In various embodiments, the instruction queue 315 is operable to receive command instructions. In various embodiments, the instruction queue 315 is operable to receive motor speed and direction instruction commands, associated with a printing device, from the one or more processors 322 located on the first integrated circuit 302. The invention, however, is not so limited. In various embodiments, the motor speed and direction instruction commands can include phase data and pulse width modulation (PWM) data which are intended to be written to the second integrated circuit 304, having the A/D converter 305, to make motor adjustments. In various embodiments, the instruction queue is provided a second priority to access the serial interface 306 by the arbiter 312. In various embodiments, the instruction queue shares a second priority, to access the serial interface 306, with the second one 310 of the at least two instruction stacks, 308 and 310.
In various embodiments, by way of example and not by way of limitation, the PWM and phase data can be less than 16 bits and can therefore fit into one serial interface transaction. The instruction queue 315 is large enough, e.g. deep enough, to hold serial data for as long as the serial interface is anticipated being held busy by a concurrent transaction. In various embodiments, the instruction queue 315 at least large enough to hold eight or more command instructions. The one or more processors 322 can load the command instruction data into the instruction queue 315 and then continue with other tasks. The instruction queue 315 can be configured and/or designed so that the instruction queue 315 does not fill up and create a wait.

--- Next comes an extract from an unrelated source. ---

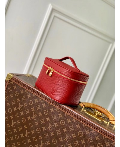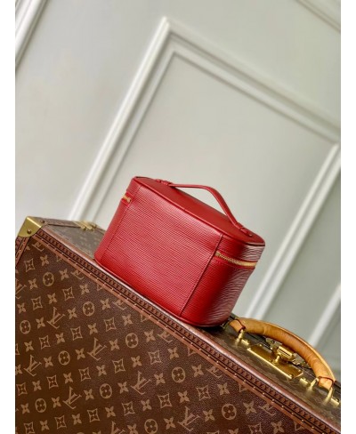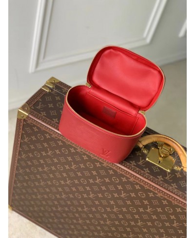 Il beauty case Nice Mini è realizzato nell'iconica pelle Epi, declinata in un'audace nuance ispirata ai rossetti della linea di make-up La Beauté di Louis Vuitton. Il raffinato modello è completato dalla fodera in tessuto lavabile nello stesso colore e dalla pratica tasca con chiusura zip sotto la patta. L'accessorio compatto è ideale per contenere prodotti di bellezza essenziali.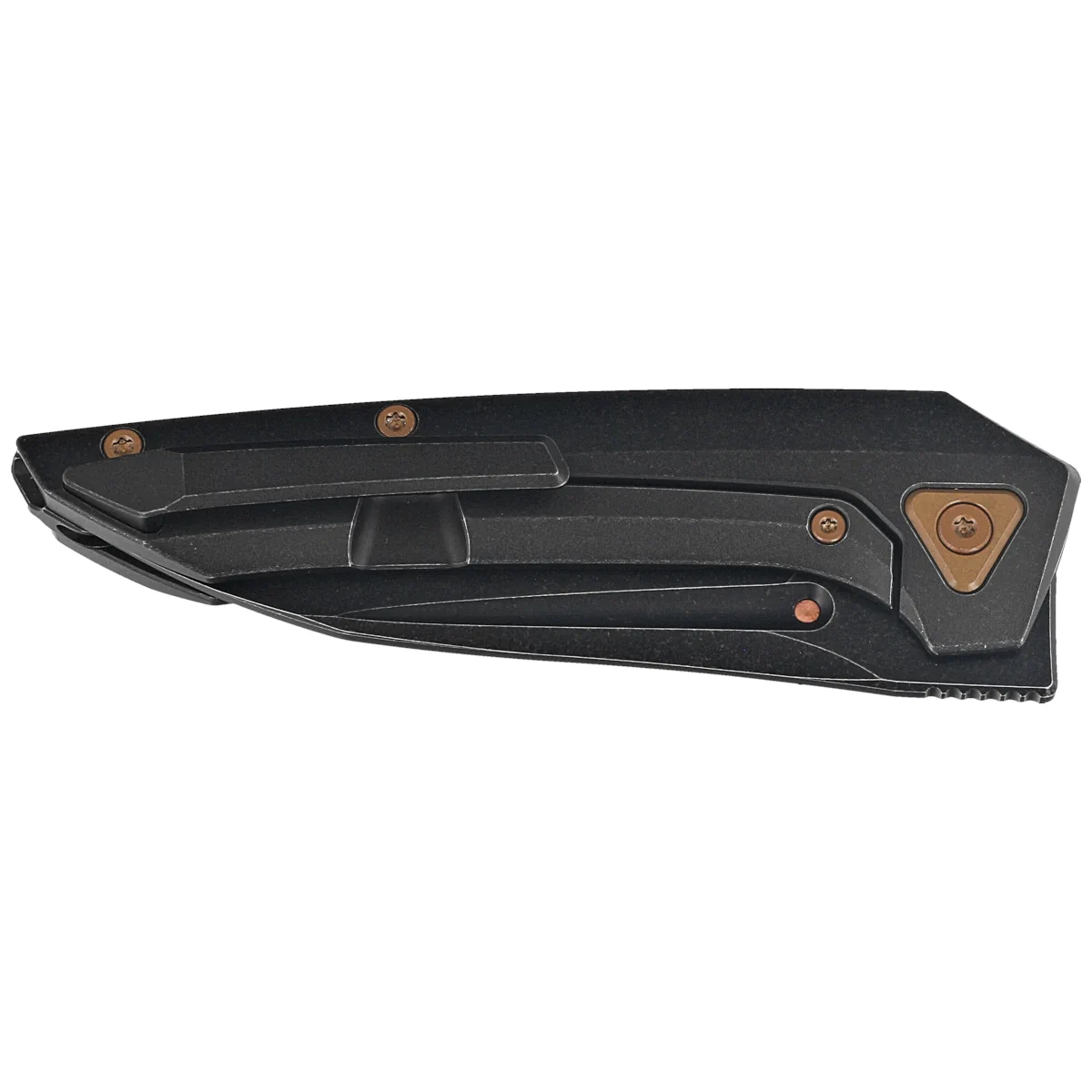 Rękojeść - lity tytan 6AL4V w kolorach czerni i brązu, połączone ze sobą masywnym tytanowym backspacerem. Prostota i solidność konstrukcji dają pewność wieloletniego użytkowania. Oś piwota została umieszczona wewnątrz trójkątnej wkładki ze stali. Klips jednopozycyjny (prawa), wykonany z tytanu, umożliwia przenoszenie noża w pozycji tip-up.

In various embodiments, such as shown in
In various embodiments, the means for arbitrating instructions between the first ASIC 302 and the second ASIC 304 includes providing dedicated instruction routines on the at least two firmware programmable instruction stacks, e.g. 308 and 310, which are operable to read data values and manage measurement routines. In various embodiments, the means for arbitrating instructions includes an arbiter 312 which is configured to yield a first priority to a first one of the at least two firmware programmable instruction stacks, e.g. 308. The arbiter 312 is configured to share a second priority between the instruction queue 315 and one or more additional firmware programmable instruction stacks, e.g. 310. In various embodiments, the shared second priority can involve alternating access to the serial interface 306 between the instruction queue 315 and one or more additional firmware programmable instruction stacks, e.g. 310.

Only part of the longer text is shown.